Exercise: Word for word, repeat the lines of the records from the first line up to and including the line that contains "跨境妈妈装春秋冬新款小开衫洋气毛衣中年修身减龄针织衫百塔毛衣", passing over any pictures.

Recorded data
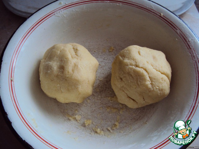 Тщательно перемешать, разделить тесто на две части и положить в холодильник.
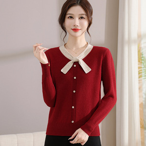 跨境妈妈装春秋冬新款小开衫洋气毛衣中年修身减龄针织衫百塔毛衣
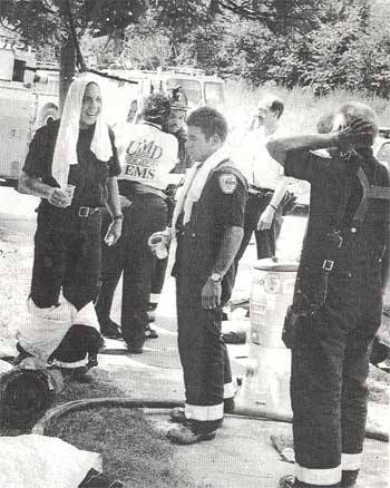 Bridge Collapse Saturday morning May 17, ] 997 started out as a typical mild day. A local trucking firm has just dropped off a huge industrial trash dumpster at a construction site along Camden's Admiral Wilson Blvd. This is one of the main arteries through the City of Camden that connects to the Benjamin Franklin Bridge to Philadelphia. On any weekday morning this highway is clogged with thousands of cars, this morning the traffic was very light. The truck driver was traveling eastbound on the Boulevard with its huge lifting device still raised in the air. What was about to happen was to be known as the miracle on Wilson Boulevard. The truck was approaching the huge 16th Street Foot Bridge, that bridge extends 130 feet across over 8 lanes and has a clearance of 13 feet 7 inches. The truck's boom struck the top of the bridge causing it to come off its mounting and toppled it down across the four lane highway. Traveling along side of the truck at the same time was a woman with four small children in the car. On the other side was a 19 year old man from Philadelphia traveling alone in his 1991 Acura Legend. The impact of the collision blew all the windows out of the truck and ripped the rear of the truck off its frame. The women with the children in the car was hit with the debris flying from the truck and just missed the collapse of the bridge on top of the car. The driver of the other car was not so lucky, the bridge came down on top of his car crushing it down to the dashboard. The roof of the car struck him on the head forcing him downward, while his foot continued to push down on the accelerator. His car was now flattened and raced out of control away from the the women and small children. They were able to stop the car approximately 1/4 mile down the road after it slowed to about 5 MPH. At 11:53 a.m. the 911 Center began receiving dozens of calls about a serious bridge collapse with people trapped. Camden County Fire Radio Center dispatched Engine Co. 6 and Battalion 1 to go eastbound. Engine Co. 9, Rescue 1 and Battalion 2 were dispatched westbound on Wilson blvd. As Battalion 1and Engine 6 approached the entrance to Admiral Wilson Boulevard they were met with a huge traffic back-up and could see the bridge collapsed in the distance. Battalion 1immediately ordered an additional Engine Co. to be dispatched, County Radio sent Engine Co. 7 down the highway in the opposite direction.
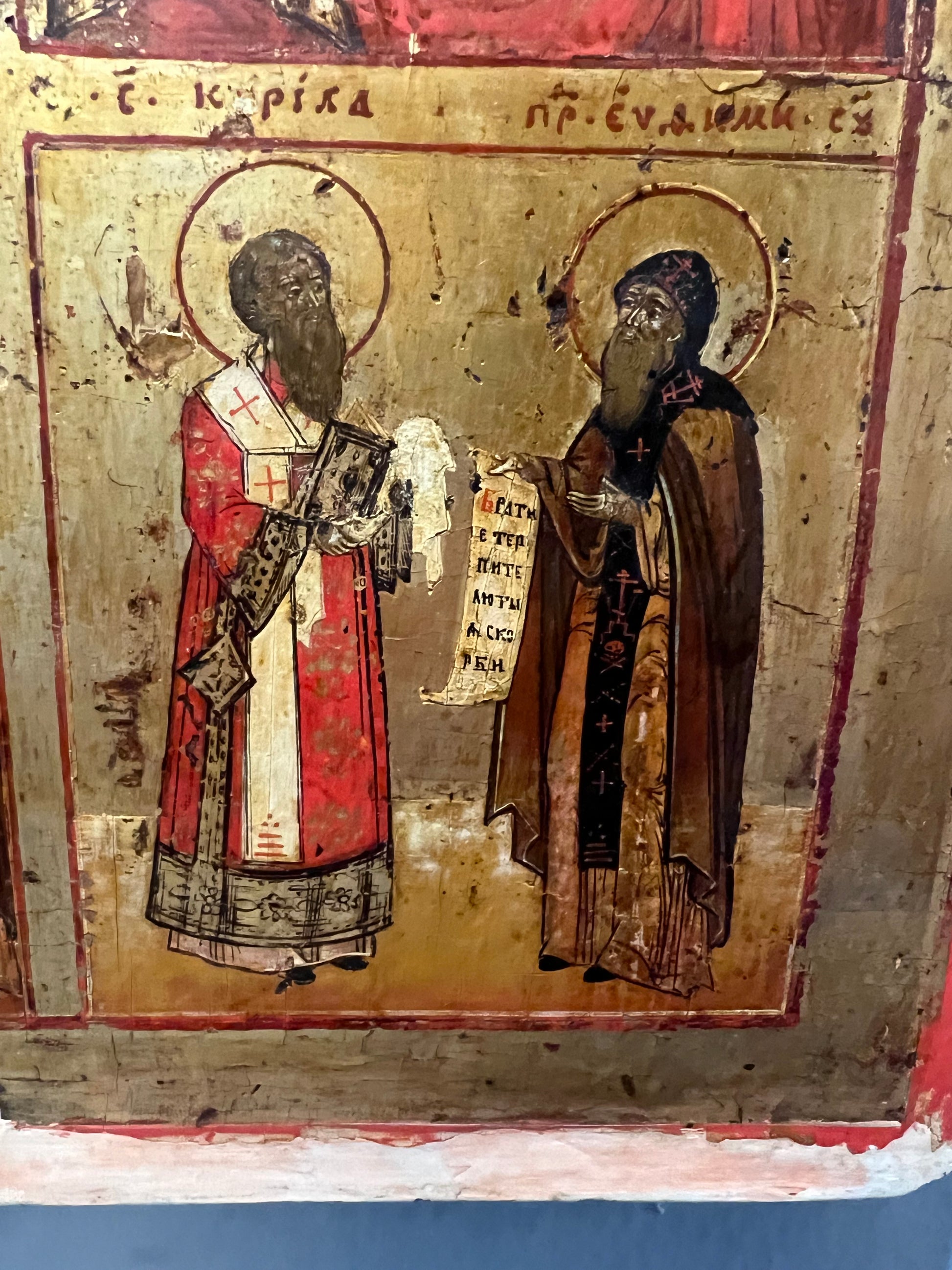 Russian Icon with Smolenskaya and Vladimirskaya Mother of God and 4 Saints
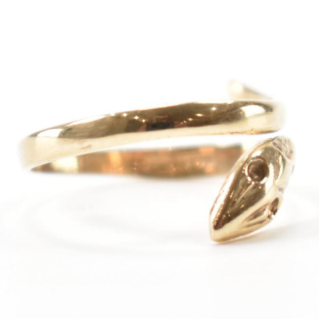 A hallmarked 9ct gold snake ring.  The ring in the form of a coiled snake, hallmarked Birmingham. Weight 1.8g. Size O.

Response to this task:
 Тщательно перемешать, разделить тесто на две части и положить в холодильник.
 跨境妈妈装春秋冬新款小开衫洋气毛衣中年修身减龄针织衫百塔毛衣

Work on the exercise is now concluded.